**WHAT YOU ARE ASKED TO DO:**
Without copying any pictures, restate exactly the lines from the start of the records through the line containing "Distribution and assessment".
□ □ □ □ □ □ □
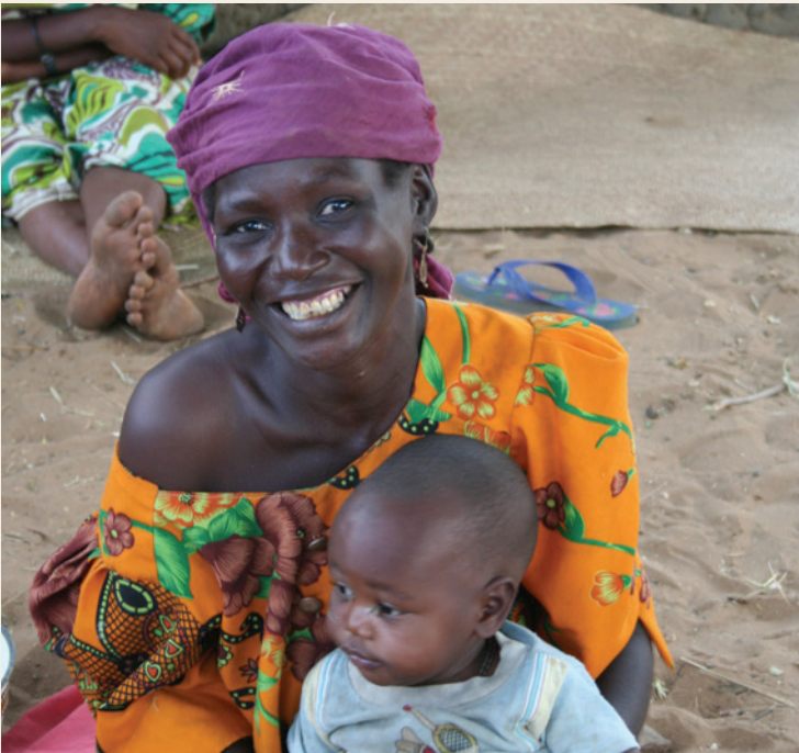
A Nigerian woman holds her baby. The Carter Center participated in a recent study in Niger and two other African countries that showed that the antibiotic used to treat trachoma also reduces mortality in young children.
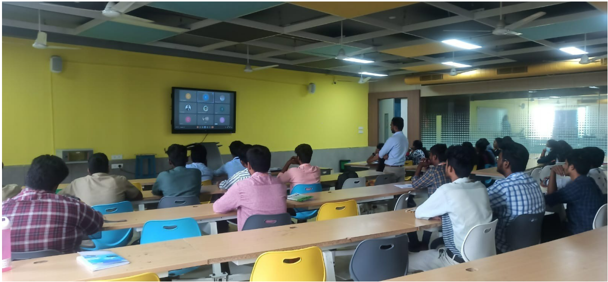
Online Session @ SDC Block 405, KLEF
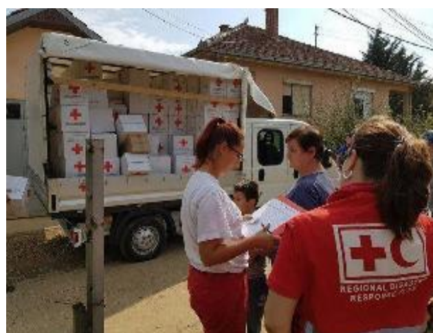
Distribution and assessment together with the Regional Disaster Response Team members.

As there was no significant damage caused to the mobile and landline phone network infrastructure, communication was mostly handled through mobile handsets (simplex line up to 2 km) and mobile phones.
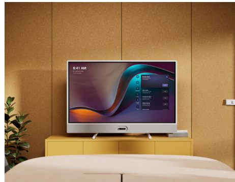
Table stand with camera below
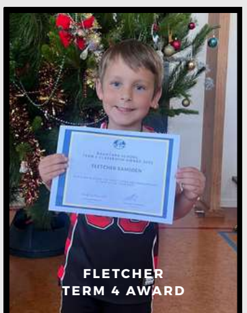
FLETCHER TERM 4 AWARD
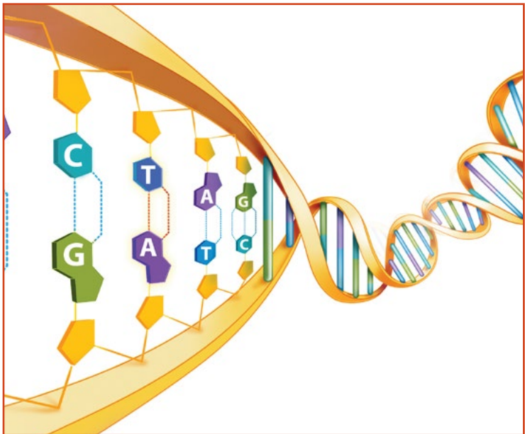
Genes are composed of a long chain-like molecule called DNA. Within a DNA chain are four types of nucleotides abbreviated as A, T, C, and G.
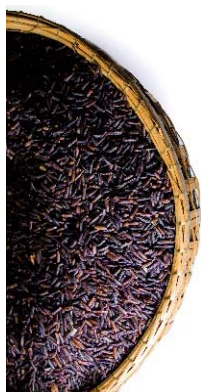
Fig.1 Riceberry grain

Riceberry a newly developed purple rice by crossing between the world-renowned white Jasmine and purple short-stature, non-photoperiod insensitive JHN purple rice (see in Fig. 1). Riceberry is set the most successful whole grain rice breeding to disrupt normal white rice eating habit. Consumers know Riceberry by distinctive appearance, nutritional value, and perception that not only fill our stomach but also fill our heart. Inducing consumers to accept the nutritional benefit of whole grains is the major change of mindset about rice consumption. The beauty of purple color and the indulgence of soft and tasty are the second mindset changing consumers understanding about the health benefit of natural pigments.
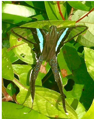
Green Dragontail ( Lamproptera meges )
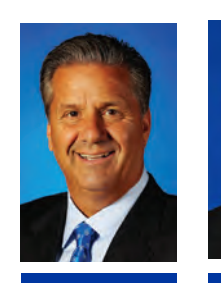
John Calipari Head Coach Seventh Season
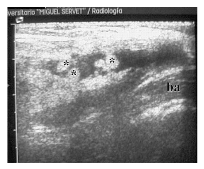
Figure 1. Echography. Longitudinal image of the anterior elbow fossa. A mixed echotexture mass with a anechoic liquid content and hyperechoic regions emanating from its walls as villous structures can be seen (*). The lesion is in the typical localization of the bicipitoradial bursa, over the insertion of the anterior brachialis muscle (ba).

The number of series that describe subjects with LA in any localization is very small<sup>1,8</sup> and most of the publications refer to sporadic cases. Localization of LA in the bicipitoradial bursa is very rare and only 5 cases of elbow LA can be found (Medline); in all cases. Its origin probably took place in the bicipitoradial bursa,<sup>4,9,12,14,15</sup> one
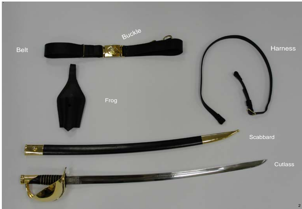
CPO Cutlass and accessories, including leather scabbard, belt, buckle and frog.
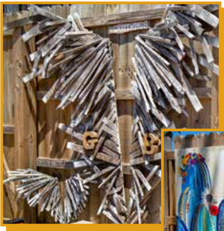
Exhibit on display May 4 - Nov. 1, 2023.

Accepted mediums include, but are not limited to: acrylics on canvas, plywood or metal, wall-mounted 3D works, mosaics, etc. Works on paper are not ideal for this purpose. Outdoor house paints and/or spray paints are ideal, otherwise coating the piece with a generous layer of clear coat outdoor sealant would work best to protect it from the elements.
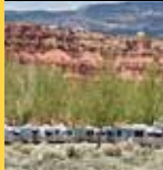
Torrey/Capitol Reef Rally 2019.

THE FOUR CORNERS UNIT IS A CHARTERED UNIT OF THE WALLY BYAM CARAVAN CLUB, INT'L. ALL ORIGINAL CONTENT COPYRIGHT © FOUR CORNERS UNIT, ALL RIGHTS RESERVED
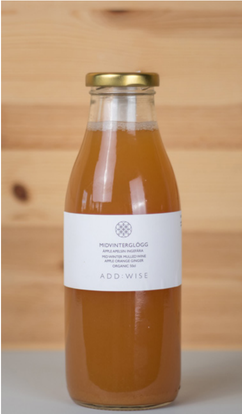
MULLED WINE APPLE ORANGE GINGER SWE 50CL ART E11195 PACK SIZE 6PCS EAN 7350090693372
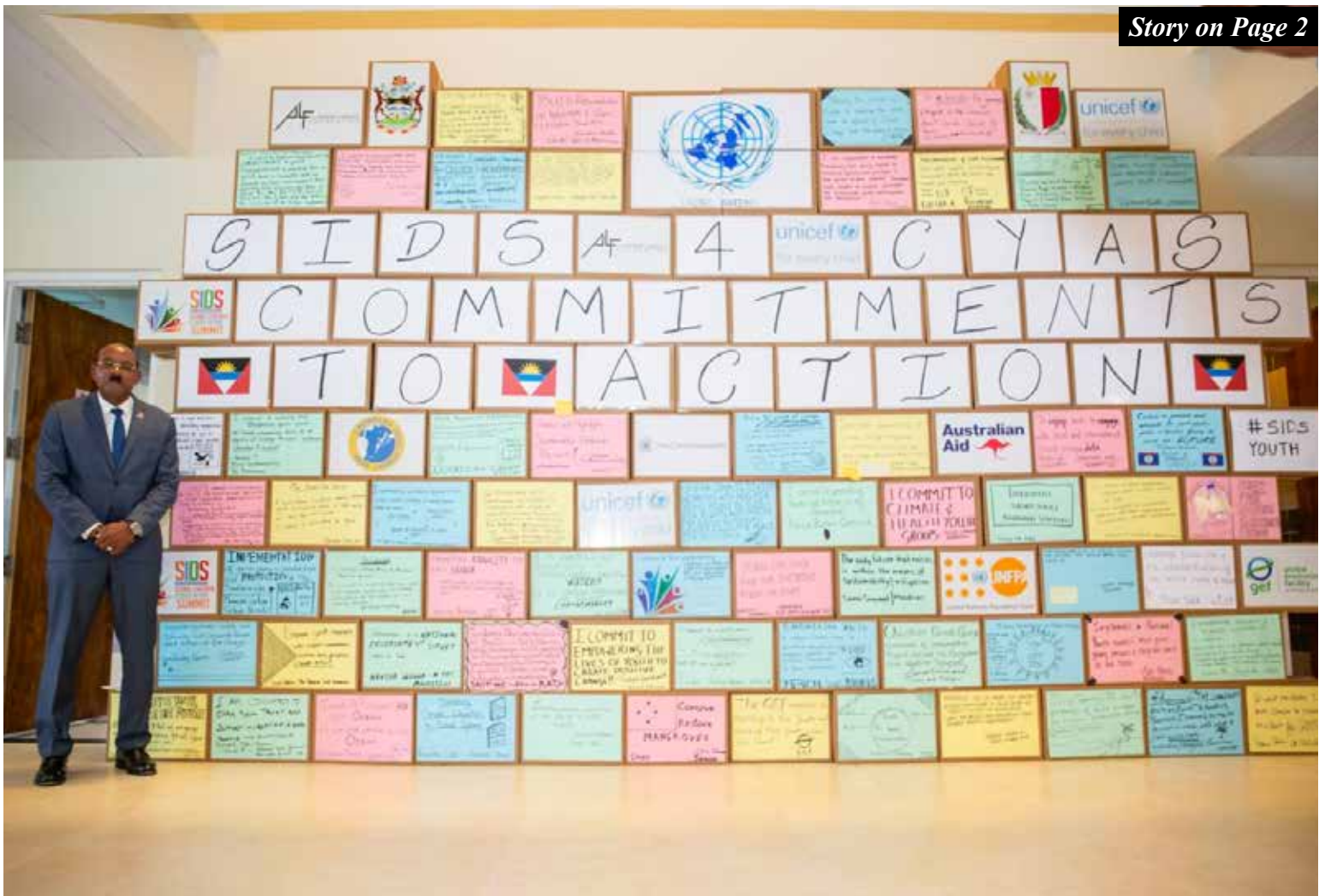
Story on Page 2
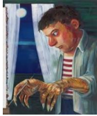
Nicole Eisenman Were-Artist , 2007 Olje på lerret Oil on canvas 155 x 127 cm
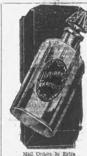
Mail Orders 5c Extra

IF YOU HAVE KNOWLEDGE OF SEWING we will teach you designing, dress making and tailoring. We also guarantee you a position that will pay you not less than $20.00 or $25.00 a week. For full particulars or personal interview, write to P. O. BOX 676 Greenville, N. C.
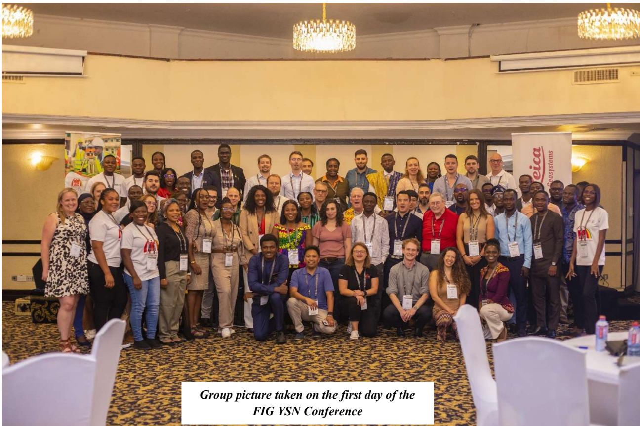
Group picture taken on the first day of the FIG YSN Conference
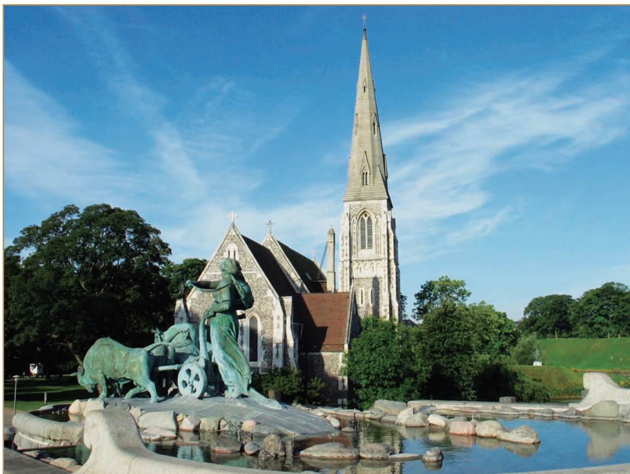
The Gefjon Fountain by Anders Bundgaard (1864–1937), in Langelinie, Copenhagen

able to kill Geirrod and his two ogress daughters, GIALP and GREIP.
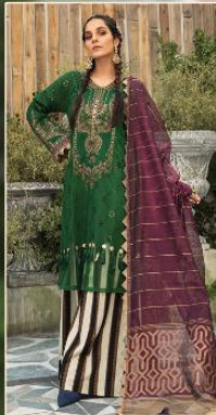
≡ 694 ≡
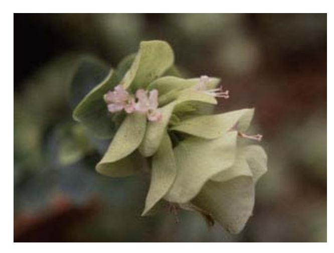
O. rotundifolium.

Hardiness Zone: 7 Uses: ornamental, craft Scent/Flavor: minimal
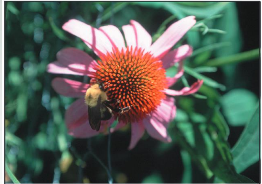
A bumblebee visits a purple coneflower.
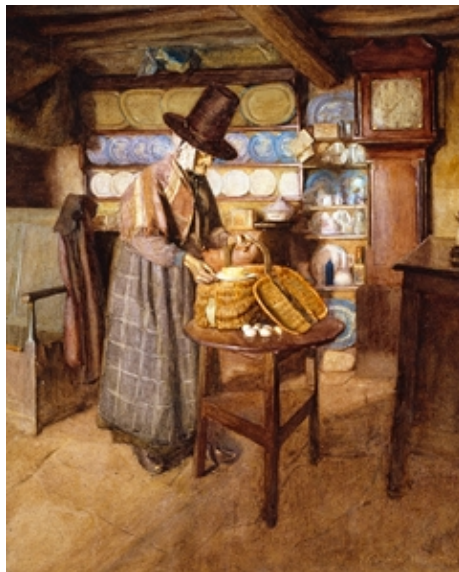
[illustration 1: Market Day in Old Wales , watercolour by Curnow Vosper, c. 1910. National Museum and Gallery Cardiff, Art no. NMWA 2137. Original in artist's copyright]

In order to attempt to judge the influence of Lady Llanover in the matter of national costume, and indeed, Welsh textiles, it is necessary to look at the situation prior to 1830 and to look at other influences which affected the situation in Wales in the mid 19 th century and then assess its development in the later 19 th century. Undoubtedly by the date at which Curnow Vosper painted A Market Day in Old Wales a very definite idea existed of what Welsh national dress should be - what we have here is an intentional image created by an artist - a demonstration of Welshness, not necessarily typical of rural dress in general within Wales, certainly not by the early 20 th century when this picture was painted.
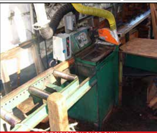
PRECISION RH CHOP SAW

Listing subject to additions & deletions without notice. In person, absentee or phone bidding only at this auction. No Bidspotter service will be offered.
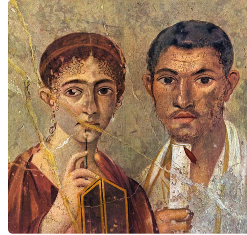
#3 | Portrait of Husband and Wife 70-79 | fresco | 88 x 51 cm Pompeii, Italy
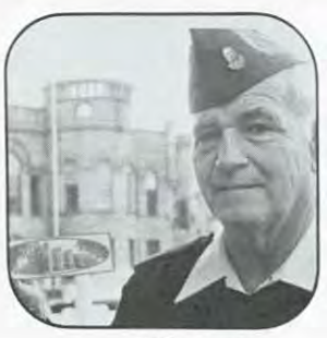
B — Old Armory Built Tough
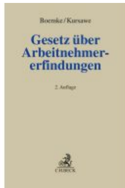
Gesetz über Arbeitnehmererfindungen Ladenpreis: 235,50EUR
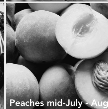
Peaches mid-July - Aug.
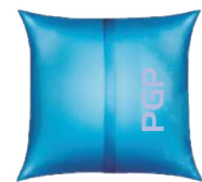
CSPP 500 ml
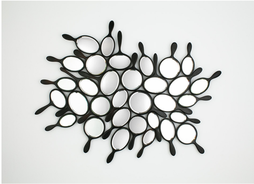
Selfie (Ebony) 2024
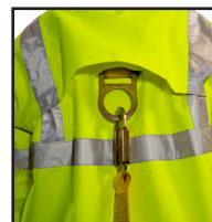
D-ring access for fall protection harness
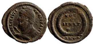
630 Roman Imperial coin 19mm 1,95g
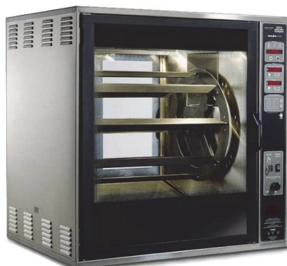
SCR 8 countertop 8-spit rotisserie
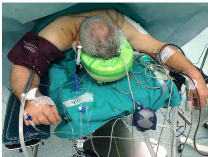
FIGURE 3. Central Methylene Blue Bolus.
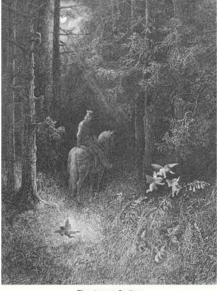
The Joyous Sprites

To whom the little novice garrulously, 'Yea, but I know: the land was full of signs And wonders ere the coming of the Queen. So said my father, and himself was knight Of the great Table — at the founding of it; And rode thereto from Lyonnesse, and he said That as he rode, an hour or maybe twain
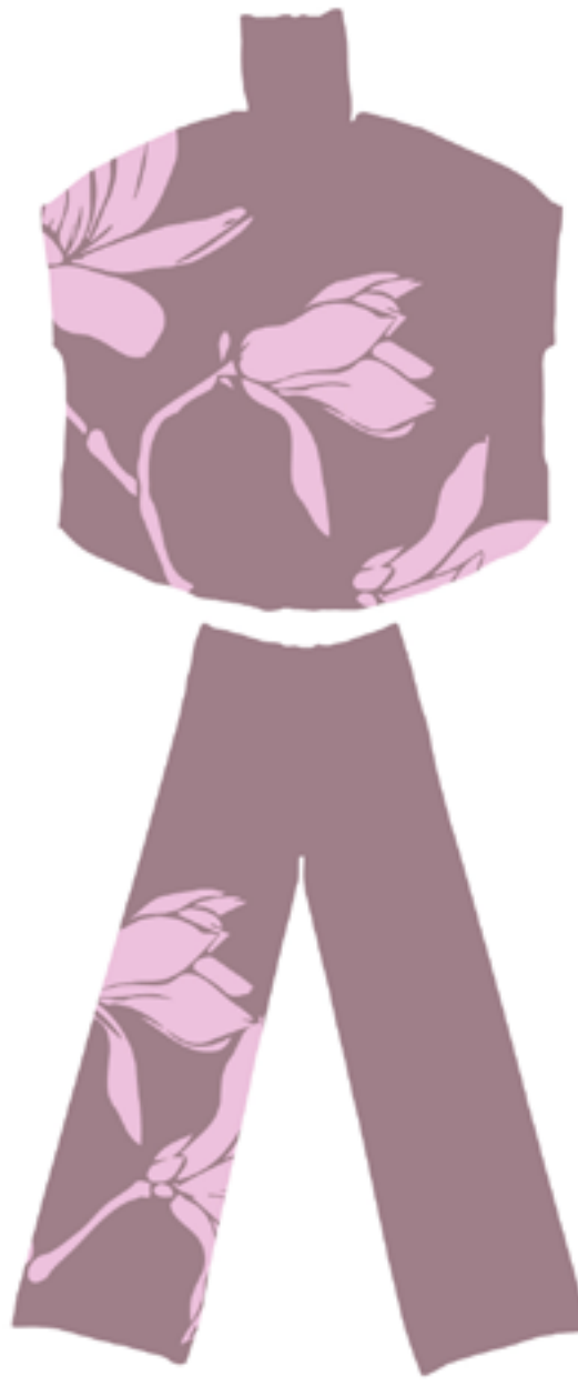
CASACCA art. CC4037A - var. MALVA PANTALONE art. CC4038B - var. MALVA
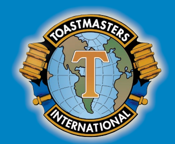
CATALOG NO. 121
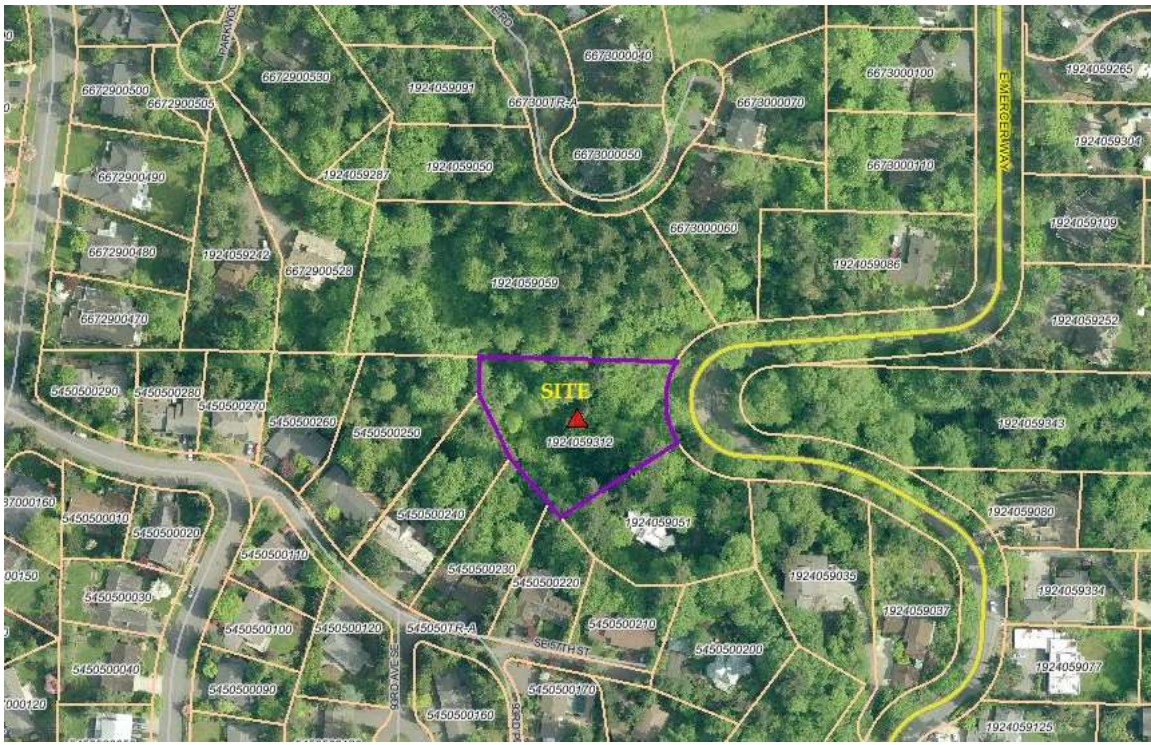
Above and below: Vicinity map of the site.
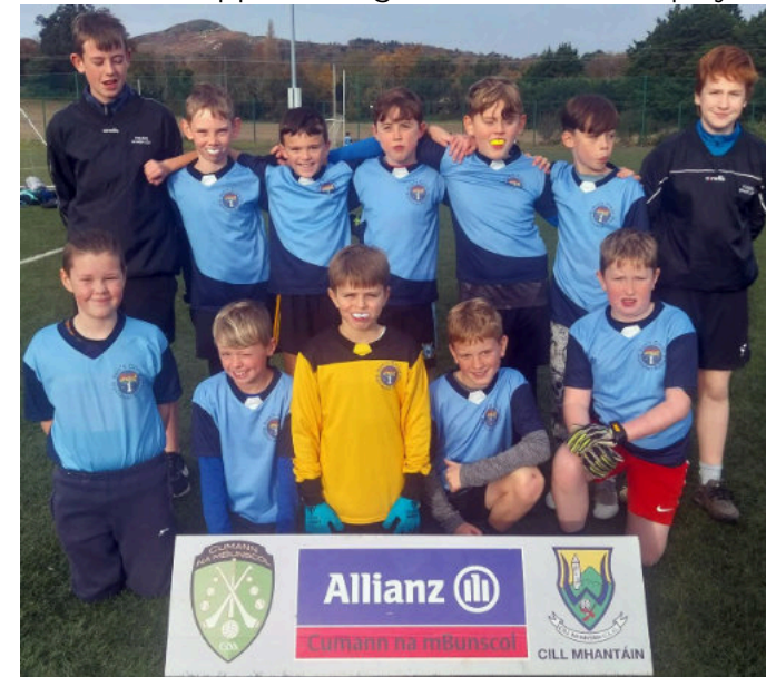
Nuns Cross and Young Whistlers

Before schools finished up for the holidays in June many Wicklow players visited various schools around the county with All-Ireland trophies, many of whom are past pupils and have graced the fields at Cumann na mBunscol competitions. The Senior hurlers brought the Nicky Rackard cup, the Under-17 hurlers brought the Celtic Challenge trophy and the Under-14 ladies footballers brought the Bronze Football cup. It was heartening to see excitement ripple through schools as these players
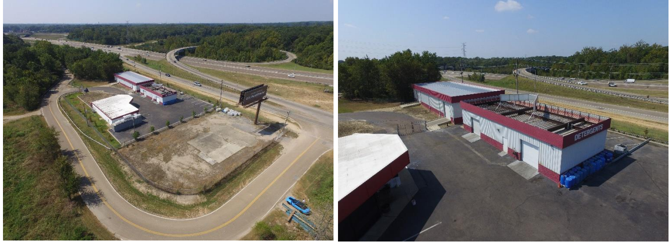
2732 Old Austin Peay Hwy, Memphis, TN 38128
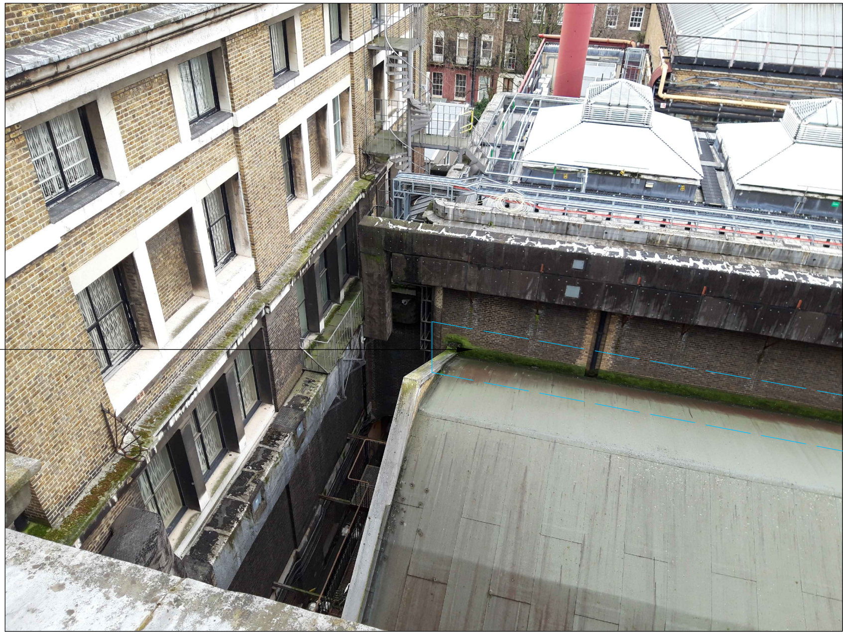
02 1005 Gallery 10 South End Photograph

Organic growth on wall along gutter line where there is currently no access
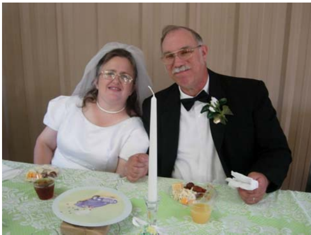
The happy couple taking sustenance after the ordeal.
□ □ □ □ □ □ □
**ANSWER FOR THE TASK:**
A Nigerian woman holds her baby. The Carter Center participated in a recent study in Niger and two other African countries that showed that the antibiotic used to treat trachoma also reduces mortality in young children.
Online Session @ SDC Block 405, KLEF
Distribution and assessment together with the Regional Disaster Response Team members.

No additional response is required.